By MedImaging International staff writers
Posted on 23 Nov 2018
A new study on the application of deep learning (DL) to detect changes in brain metabolism predictive of Alzheimer’s disease (AD) has found that artificial intelligence (AI) improves the ability of brain imaging to predict AD.

Timely diagnosis of AD is extremely important, although early diagnosis has proven to be challenging. Research has linked the disease process to changes in metabolism, as shown by glucose uptake in certain regions of the brain, although these changes can be difficult to recognize.

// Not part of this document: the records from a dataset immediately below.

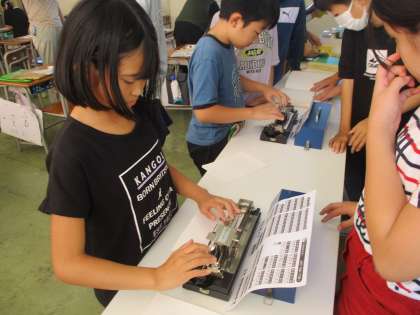 点字がいろいろなところにあることには気付いていましたが、実際にどうやって打つのかは知らなかった子供たち。「てんぴつ」を使ってポチポチと打つのは難しいけれど楽しかったようです。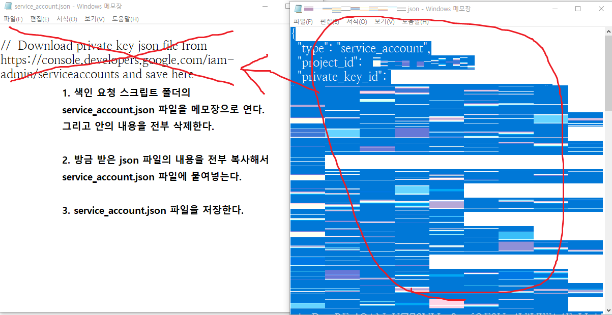 1. 또 하나의 메모장을 더 켜고 색인 요청 스크립트 폴더의 'service_account.json' 파일을 불러온 뒤, 안의 내용을 전부 삭제한다.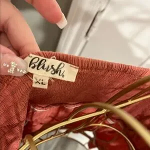 This elegant Blush camisole features a smocked bodice with a tiered, ruffled design, offering a chic and feminine look. The sleeveless style in a soft pink hue is perfect for adding a touch of romance to any outfit. Ideal for both casual and dressy occasions, this top is a versatile addition to your wardrobe.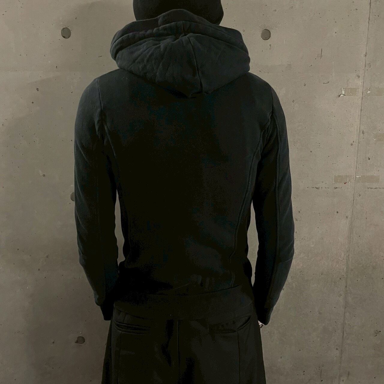 2000年代らしいタイトなシルエットが特徴の、レイヤード仕様ダブルジップフーディ。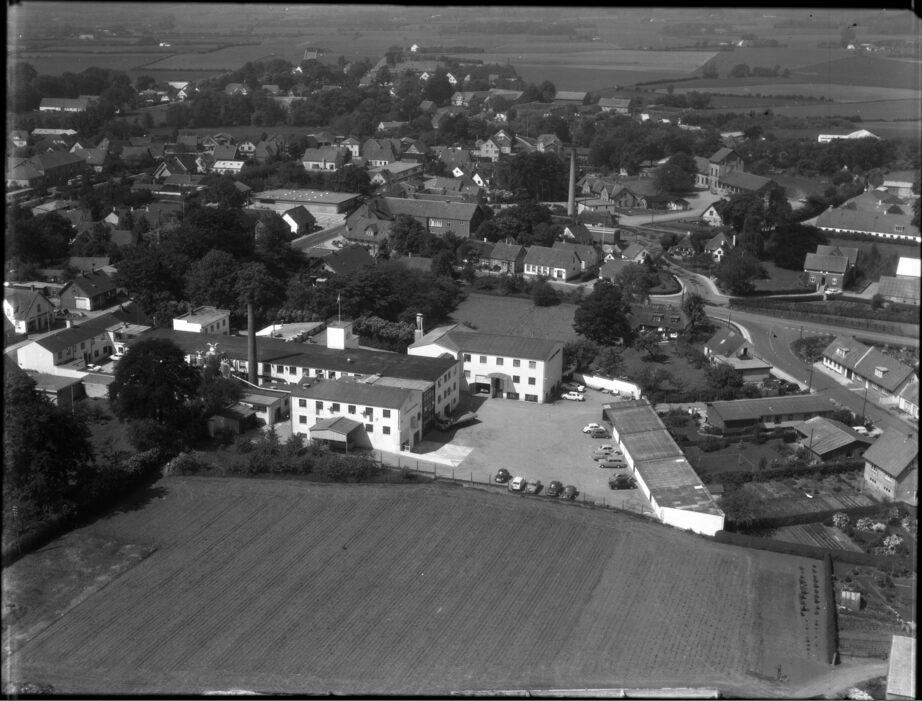 Haarby set fra Luften. C. M. Madsens Fabriker i forgunden
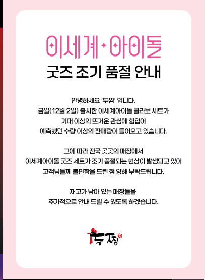 참... 여러모로 대단하다. 보통 이런 이벤트를 진행 하면 하루 이틀 혹은 몇일동안 진행하는데 12월 2일 딱 하루만에 조기품절이 되었다.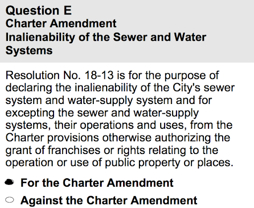 By passing question E, Baltimore City would protect our water system from the most extreme forms of privatization.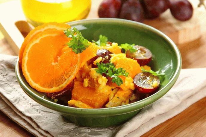 - In einer Schüssel Reis, Fleisch, Mandarinen und Trauben mischen. Orangensaft mit etwas Curry mischen und übergießen diese Salatsauce. Das Gericht in Teller legen und mit servieren zum Tisch.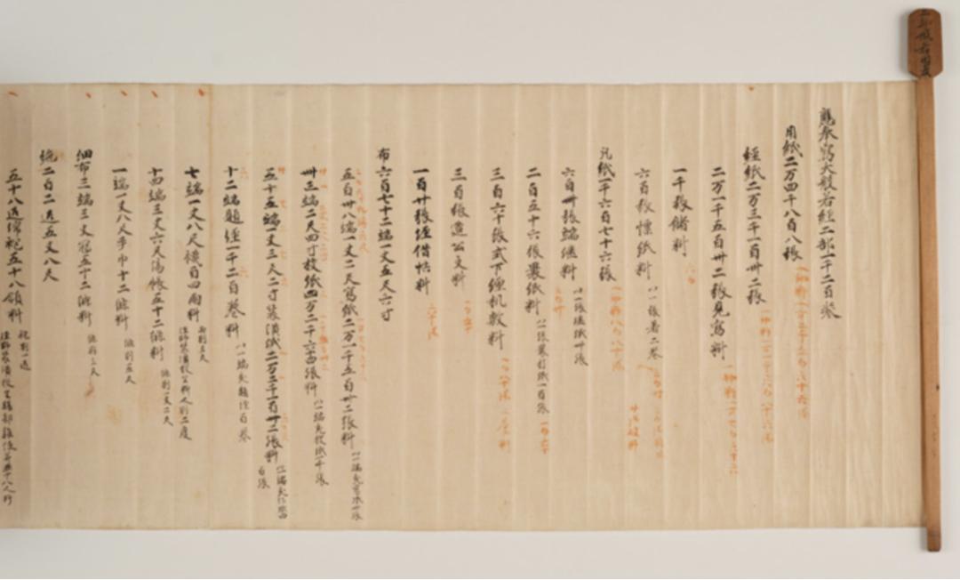 這是受委托而進(jìn)行的《大般若經(jīng)二部一千二百卷》抄經(jīng)活動(dòng),所用原材料的詳細(xì)記錄。在唐朝,抄經(jīng)是一個(gè)職業(yè),大多由朝廷組織,分為官方寺院和僧人抄經(jīng)、官方佛經(jīng)抄寫機(jī)構(gòu)抄寫佛經(jīng)以及地方政府抄經(jīng)三類。由此不難看出,在唐朝,部分抄經(jīng)人很可能是公務(wù)員。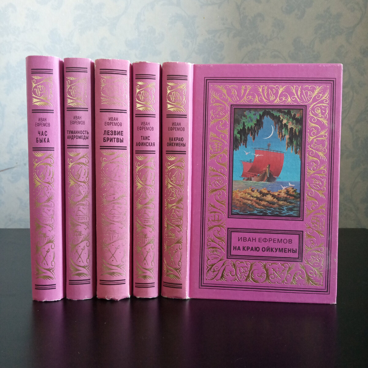 О книгах Ивана Ефремова надобно, конечно, сказать отдельно о каждой. Но поскольку мне попался под руку этот пятитомник, не мог удержаться и не сфотографировать его весь. Личность Ивана Ефремова (1908-1972), до того неординарная, что сразу и не подступишься. Палеонтолог, геолог, биолог, археолог, историк, философ. И представляете, какой он был писатель с таким багажом знаний. Невозможно было оторваться от его книг. Впервые я прочитал "Лезвие бритвы" лет в 13. Понял не всё, но был так очарован романтикой путешествий, что до сих пор помню первое впечатление. Спустя годы я вернулся к этой книге и был повторно очарован. Пару лет назад, я задумался, а не устарел ли Ефремов в наши дни, ошалелого прогресса, и обесценивания личности... Я достал с полки этот пятитомник, и с восторгом прочитал его ещё раз. Нет, не устарел. О каждой из этих книг, я потом расскажу подробно. А сейчас скажу только, что "Таис Афинскую" и "Лезвие бритвы" я читал трижды. И каждый раз как в первый раз...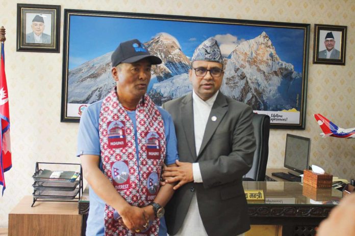 मन्त्री पाण्डेले शुक्रबार आरोही शेर्पालाई मन्त्रालयमा स्वागत गरेका हुन् । सोलुखुम्बुको खुम्बु गाउँपालिका घर भएका शेर्पाले पाकिस्तानमा रहेको विश्वको १२ औं अग्लो हिमाल ब्रोड पिकको एउटै सिजनमा दुई पटक आरोहण गरेका थिए ।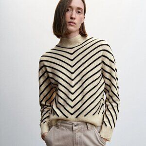 Mango Stripe-print sweater with Perkins neck - XS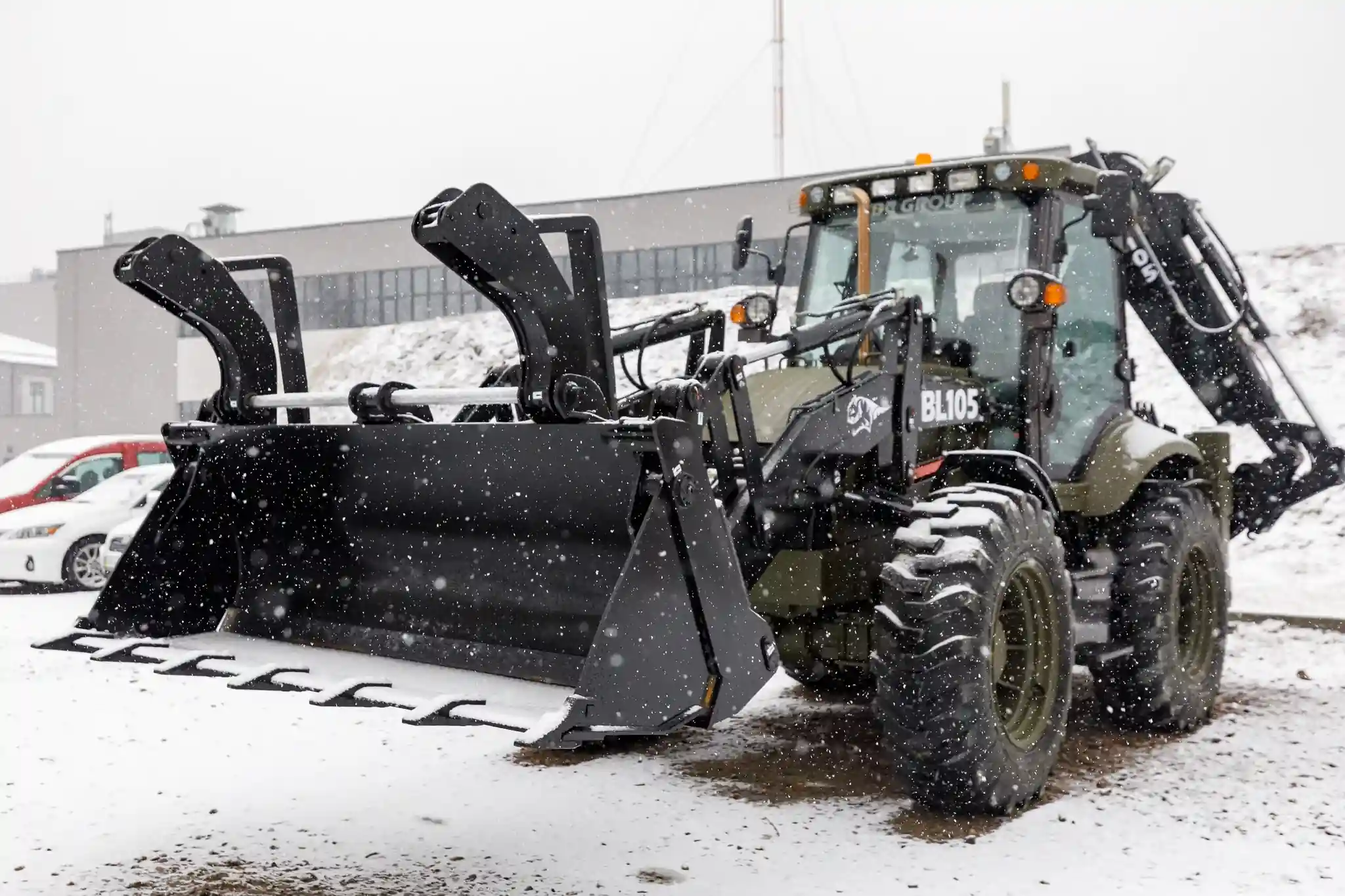Цими днями перший екскаватор-навантажувач уже був підготовлений для відправки до місця проведення робіт. Це модель BL105, яка зібрана вітчизняною компанією TDC. Машина оснащена турбодизельним двигуном Yuchai робочим об'ємом 4,8 л та потужністю 105 к. с. З ним у парі працює КП з чотирма передачами переднього ходу та чотирма заднього. Задні керовані колеса дозволяють пересуватися "крабом" (боком). А загалом радіус розвороту становить 4066 мм. Споряджена маса дорівнює 10 600 кг.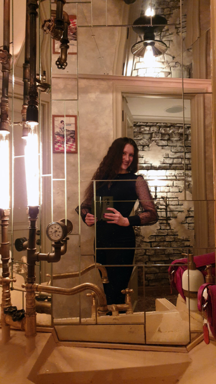 Я аж застеснялась, рядом с такой звездой соцсетей. Подготовилась и отправилась фотографироваться. Разумеется, как положено, в самое красивое место ресторана с большим зеркалом - в туалет.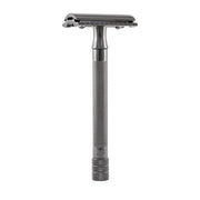The MERKUR 23B Double Edge Safety Razor features a black long knurled brass handle made in Germany, offering a classic shaving experience with a plastic-free three-piece design and a closed comb straight bar for a smooth and precise shave.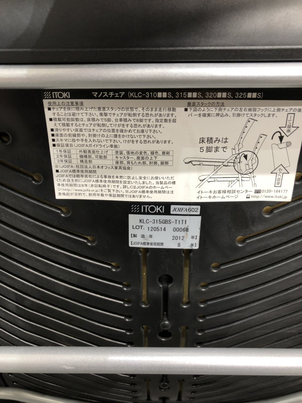 【中古】 マノスチェア KLC-315GBS イトーキ/ITOKI スタッキングチェア 282420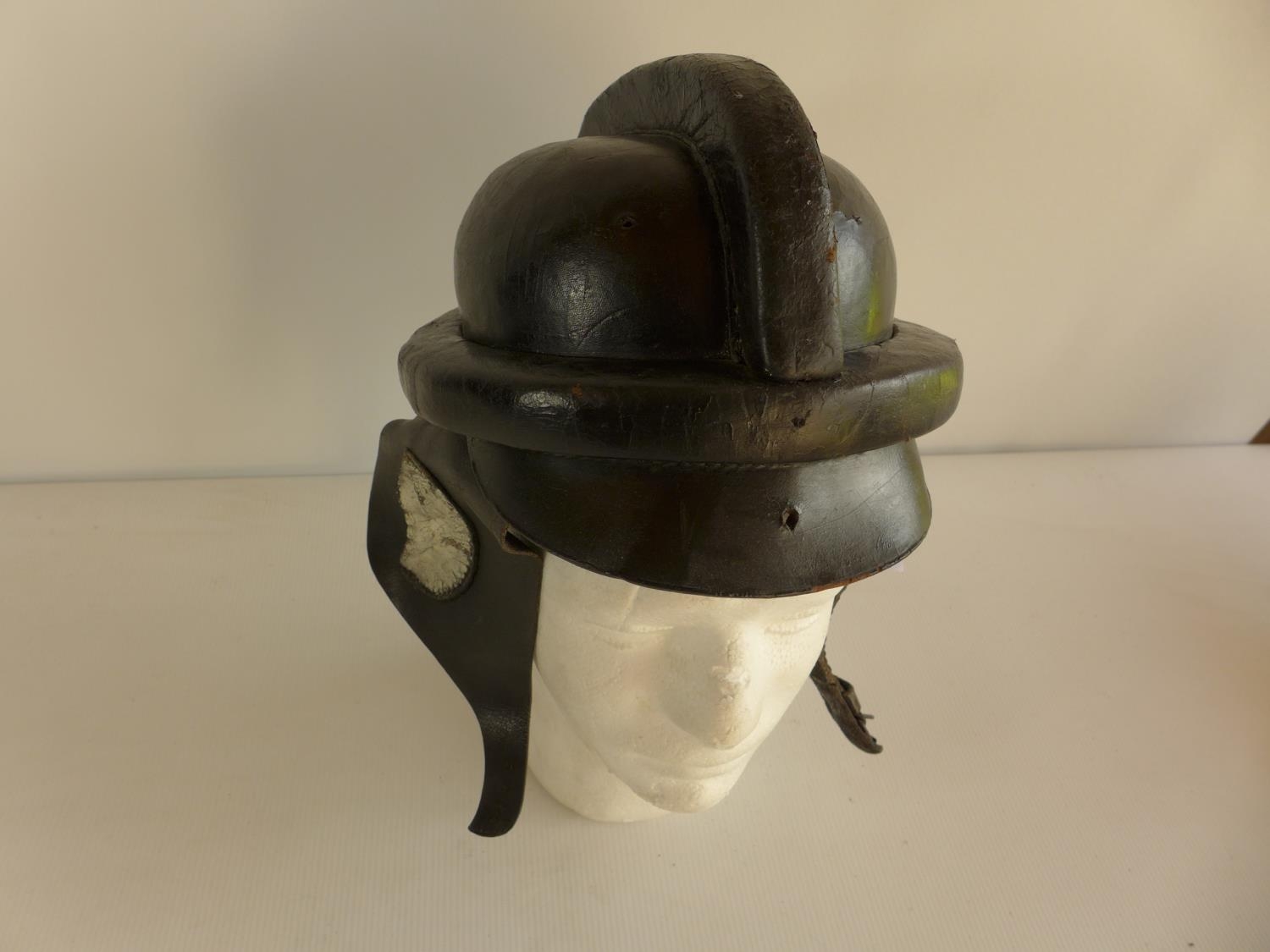 A NAZI GERMANY NSKK LEATHER HELMET (PLEASE NOTE THAT A BADGE FOR THIS HELMET IS LOT 361)
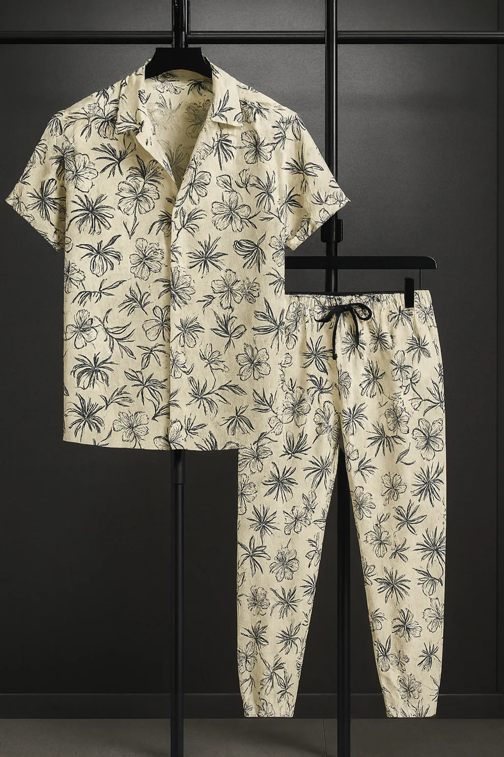 Upgrade your everyday style with this premium cream floral print men’s co-ord set, designed for a classy yet relaxed summer look.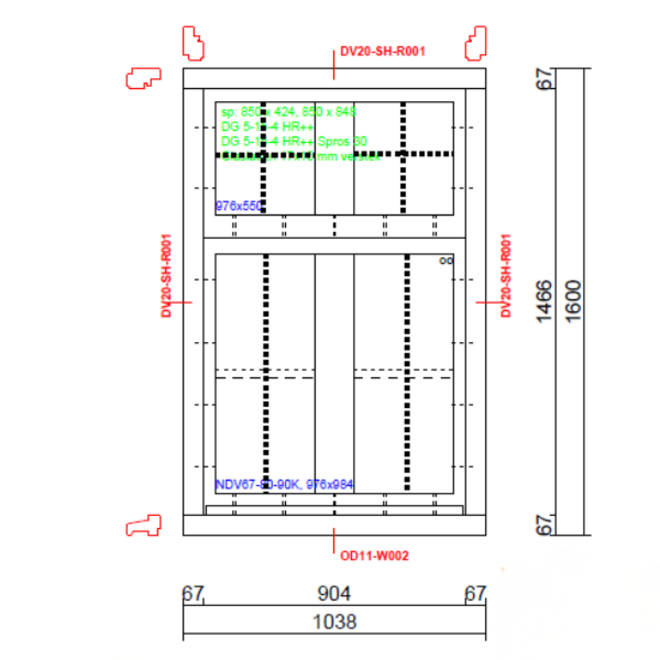 - Glas: Standaard HR++ (glasopbouw = 5-15-4) met U-waarde 1.1 W/m²K. Tripleglas mogelijk tegen meerprijs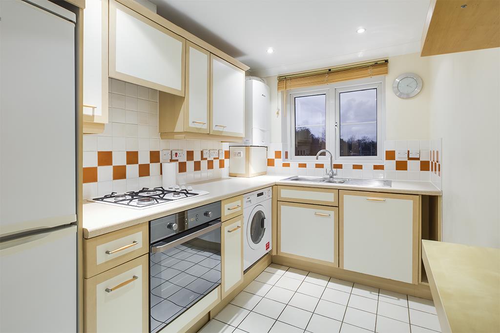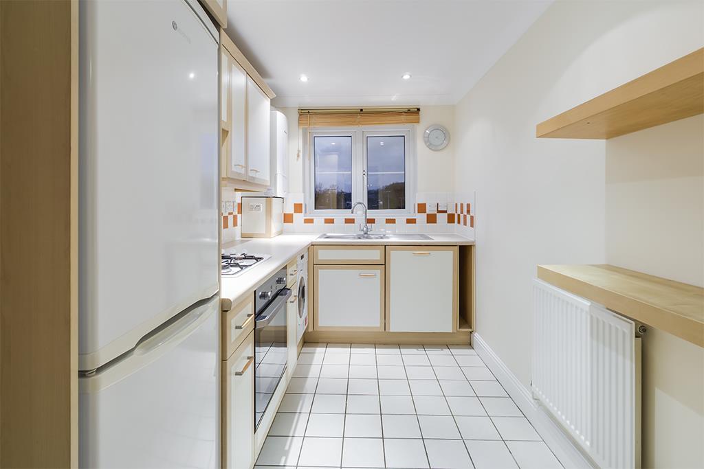 Range of eye and base level units with worktops over. 1.5 sink and drainer, radiator, window, tiled splash back, fridge/freezer, new oven, hob, hood, new boiler, washing machine and dishwasher.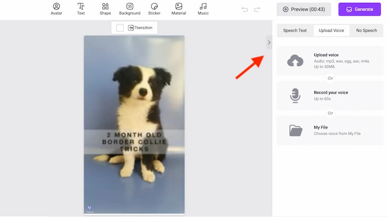 Belki de köpeklerinizin kişiliğini sergileyecek sahneler ve diyaloglar için zaten bazı fikirleriniz vardır. Neden fikirlerinizi seslendirme ve altyazılarla komik bir konuşan köpek videosuna dönüştürmeyi denemiyorsunuz? Popüler yaklaşımlardan biri, köpeğinizin bir videosunu çekmek ve ardından Vidnoz'un yapay zeka video oluşturucusunu kullanarak bir köpek seslendirmesi eklemektir.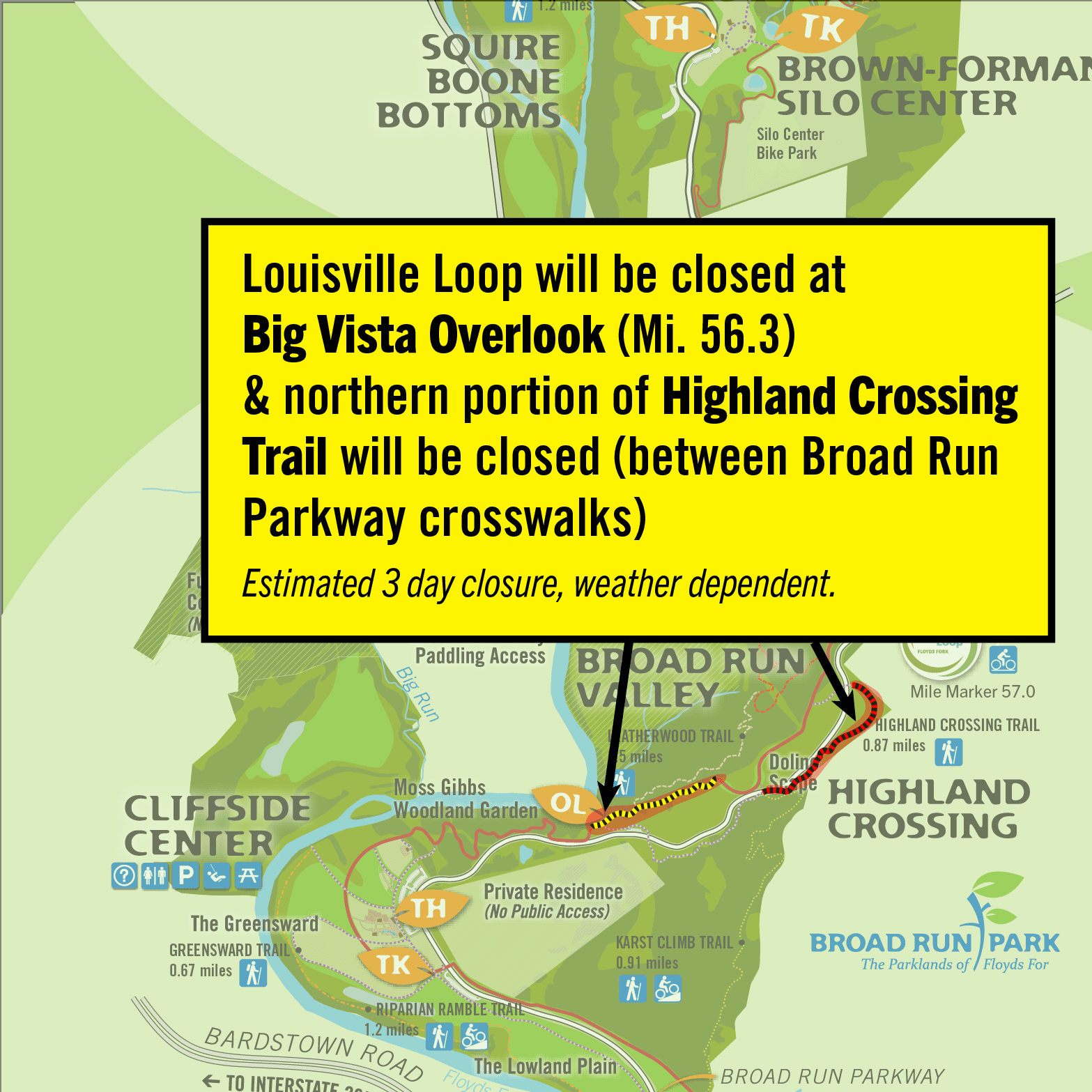 The Louisville Loop will be closed at the Big Vista Overlook (Mile Marker 56.3), and the northern portion of the Highland Crossing Trail will be closed between the crosswalks along Broad Run Parkway. Work will begin Wednesday, April 15, and is expected to last only a few days. The Big Vista Overlook Parking Lot will remain open.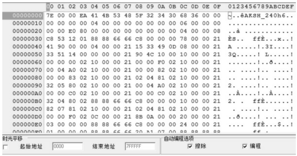 在具体操作时,首先使用芯片夹将编程器与Flash的各个引脚对准,然后上电,此时编程器以MCU的身份与Flash芯片进行通信。它通过总线发送读取内存段的指令,进而将Flash芯片内存空间中的数据读出。编程器固件提取如图3-64所示。

Image: Saliency map of deep learning model Inception V3 on the classification of Alzheimer disease. (a) A representative saliency map with anatomic overlay in 77-year-old man. (b) Average saliency map over 10 percent of Alzheimer’s Disease Neuroimaging Initiative set. (c) Average saliency map over independent test set. The closer a pixel color is to the \"High\" end of the color bar in the image, the more influence it has on the prediction of Alzheimer disease (Photo courtesy of UCSF).
Image: Saliency map of deep learning model Inception V3 on the classification of Alzheimer disease. (a) A representative saliency map with anatomic overlay in 77-year-old man. (b) Average saliency map over 10 percent of Alzheimer’s Disease Neuroimaging Initiative set. (c) Average saliency map over independent test set. The closer a pixel color is to the \"High\" end of the color bar in the image, the more influence it has on the prediction of Alzheimer disease (Photo courtesy of UCSF).

The researchers trained the DL algorithm using an 18-F-fluorodeoxyglucose PET (FDG-PET) scan. They had access to data from the Alzheimer’s Disease Neuroimaging Initiative (ADNI), a major multi-site study focused on clinical trials to improve prevention and treatment of the disease. The ADNI dataset included more than 2,100 FDG-PET brain images from 1,002 patients. The researchers trained the DL algorithm on 90% of the dataset and then tested it on the remaining 10% of the dataset. Finally, the researchers tested the algorithm on an independent set of 40 imaging exams from 40 patients that it had never studied. The algorithm achieved 100% sensitivity at detecting the disease an average of more than six years prior to the final diagnosis.

According to the researchers, the algorithm could be a useful tool to complement the work of radiologists — especially in conjunction with other biochemical and imaging tests — in providing an opportunity for early therapeutic intervention. The researchers will now focus on training the DL algorithm to look for patterns associated with the accumulation of beta-amyloid and tau proteins, abnormal protein clumps and tangles in the brain that are markers specific to AD.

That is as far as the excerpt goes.